Interadnet Serves Cookie-Free Ad Diet

Hoping the cookie crumbles the right way for its new Cookie-less ad serving technology, Internet ad service Interadnet began a direct mail campaign last week touting the immediate availability of its technology.

Over two days, Interadnet sent more than 260 pieces containing an oversized chocolate chip cookie to advertisers and agencies, pharmaceutical and financial companies and companies that market to minors. Interadnet, Raleigh, NC, targeted vice presidents of interactive media, account directors and media directors at Fortune 1000 companies and large-sized companies in those industries. A print campaign in trade publications also debuted last week.

Interadnet says its Cookie-less ad serving is the first technology for this purpose to do without cookies — small pieces of electronic information that are placed onto a PC's central processing unit to track browsing behavior.

The decision to develop Cookie-less ad serving was based on the belief that there's been much discussion on privacy but little action in providing tools that meet the needs of organizations and businesses. The company claims that its technology will provide most of the same functions as ad servers that use cookies, including impression and click-through data, real-time reporting, instantaneous creative change and e-mail alerts.

Other features will include geographic reporting (measures campaign impact via city, state, etc.), server analysis (compares and contrasts the success of various online campaigns and/or brands) and site reporter (tracks the number of completions and sales regardless of whether they've been generated by a particular online campaign).

The technology is also set up at the campaign level, allowing advertisers to alternate between ad serving with or without cookies for each campaign.

The direct mail piece is a CD container-sized case with the chocolate chip cookie inside.
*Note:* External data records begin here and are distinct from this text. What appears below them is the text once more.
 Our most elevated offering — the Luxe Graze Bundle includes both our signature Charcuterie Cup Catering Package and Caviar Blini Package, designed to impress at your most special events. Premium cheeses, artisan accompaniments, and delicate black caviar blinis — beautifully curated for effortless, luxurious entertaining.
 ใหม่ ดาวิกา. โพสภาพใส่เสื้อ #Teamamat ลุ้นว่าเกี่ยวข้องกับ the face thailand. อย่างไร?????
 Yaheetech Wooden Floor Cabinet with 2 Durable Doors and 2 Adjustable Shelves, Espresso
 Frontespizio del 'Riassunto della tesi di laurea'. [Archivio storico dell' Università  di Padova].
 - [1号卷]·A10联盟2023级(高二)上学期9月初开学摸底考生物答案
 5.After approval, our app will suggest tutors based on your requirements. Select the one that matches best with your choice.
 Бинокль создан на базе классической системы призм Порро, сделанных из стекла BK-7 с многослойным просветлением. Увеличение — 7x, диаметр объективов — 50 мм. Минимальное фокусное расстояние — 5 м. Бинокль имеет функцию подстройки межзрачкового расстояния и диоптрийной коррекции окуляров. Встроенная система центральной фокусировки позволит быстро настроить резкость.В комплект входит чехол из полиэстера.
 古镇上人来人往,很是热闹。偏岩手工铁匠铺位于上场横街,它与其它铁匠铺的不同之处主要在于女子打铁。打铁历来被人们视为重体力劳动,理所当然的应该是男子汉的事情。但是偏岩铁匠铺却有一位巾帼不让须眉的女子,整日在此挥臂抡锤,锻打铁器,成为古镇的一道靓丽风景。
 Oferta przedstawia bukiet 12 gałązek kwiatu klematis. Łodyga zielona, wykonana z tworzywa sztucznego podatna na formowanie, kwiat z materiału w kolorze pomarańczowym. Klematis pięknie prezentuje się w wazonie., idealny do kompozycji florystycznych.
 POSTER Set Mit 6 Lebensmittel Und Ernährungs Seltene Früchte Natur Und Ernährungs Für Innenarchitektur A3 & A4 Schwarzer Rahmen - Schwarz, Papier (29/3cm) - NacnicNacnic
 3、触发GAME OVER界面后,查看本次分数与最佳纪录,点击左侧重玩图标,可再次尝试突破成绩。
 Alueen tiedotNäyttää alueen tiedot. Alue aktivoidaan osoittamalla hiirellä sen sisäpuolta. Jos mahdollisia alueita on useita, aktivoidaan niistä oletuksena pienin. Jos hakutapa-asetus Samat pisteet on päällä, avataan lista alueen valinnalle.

The outside of the case reads, “Take the first step towards cookie less advertising and stomp the crap out of your privacy concerns.” Clark Williams, director of marketing at Interadnet, said using the word “crap” made the text more “everyday” and helped distinguish Interadnet from its competition.

“Our competitors take this technology high road that makes them seem not even human,” he said. “We're people, and this is how people talk. We felt it would also give the campaign more of an edge that our target market would appreciate.”

Williams said no negative feedback on the matter had been received yet.

An informational pamphlet was included, the cover of which displays a picture of a smashed chocolate chip cookie with a boot print in the middle of it. The inside has information regarding Cookie-less ad serving and provides a toll-free number and Web address as response mechanisms. Of the 260 pieces, 60 offer a free pair of Timberland boots for those who respond to the sales person identified.

“That offer was made to the best prospects,” Williams said. “They are the gorillas, so to speak.”

Developing the mail pieces cost about $10 to $12 each. A pair of Timberland boots costs more than $100, Williams said.

Williams said one major ad agency is using the technology for a government-funded project. He would not disclose the agency's name. Pricing for the technology is done on a CPM basis.

Interadnet worked with Renegade Marketing Group, New York, on the campaign.